Table 1: some of the topics and explanations from gensim LDA model
TopicsExplanation
‘land’, ‘company’, ‘purchase’, ‘colony’, ‘claim’, ‘price’, ‘acre’, ‘make’, ‘system’, ‘title’Representing real-estate-related activities.
‘native’, ‘man’, ‘fire’, ‘captain’, ‘leave’, ‘place’, ‘officer’, ‘arrive’, ‘chief’,  ‘make’Representing news regarding New Zealand War. 
‘government’, ‘native’, ‘country’, ‘settler’, ‘colony’, ‘man’, ‘act’, ‘people’, ‘law’Representing news about the sovereignty treaty signed in 1835.
‘mile’, ‘water’, ‘river’, ‘vessel’, ‘foot’, ‘island’, ‘native’, ‘side’, ‘boat’, ‘harbour’Representing maritime activities from a port city like Wellington.

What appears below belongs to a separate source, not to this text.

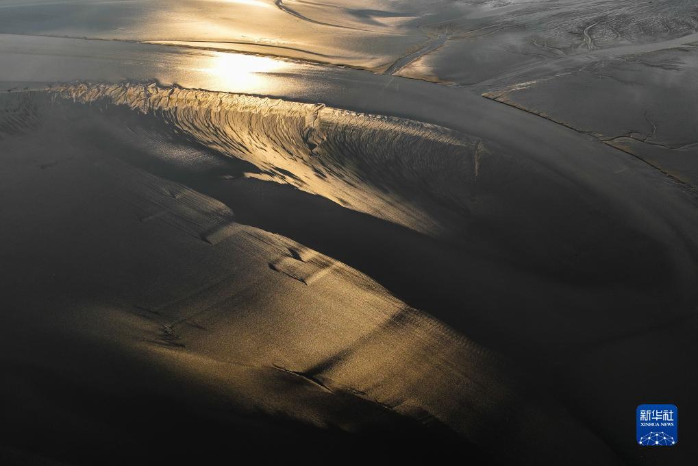 盐城东台条子泥湿地日出时分景色(2023年9月1日摄,无人机照片)。

‘settlement’, ‘company’, ‘make’,’war’, ‘place’, ‘port_nicholson’, ‘settler’, ‘state’, ‘colonist’, ‘colony’Representing news about Port Nicholson during the war in Wellington 1839
Table 2: some of the topics and explanations from gensim Mallet model

After working long hours on this project, although I am super delighted that I have produced an interactive visualization of the mallet model which is hard to produce, there is always a feeling of disappointment that I did not have the knowledge of the historian. A historian with special knowledge of New Zealand’s history might have judged better.

Attending buffet without the knowledge of the menu is like sailing a boat without the compass but isn’t it what the distant reading is? A calculated leap of faith.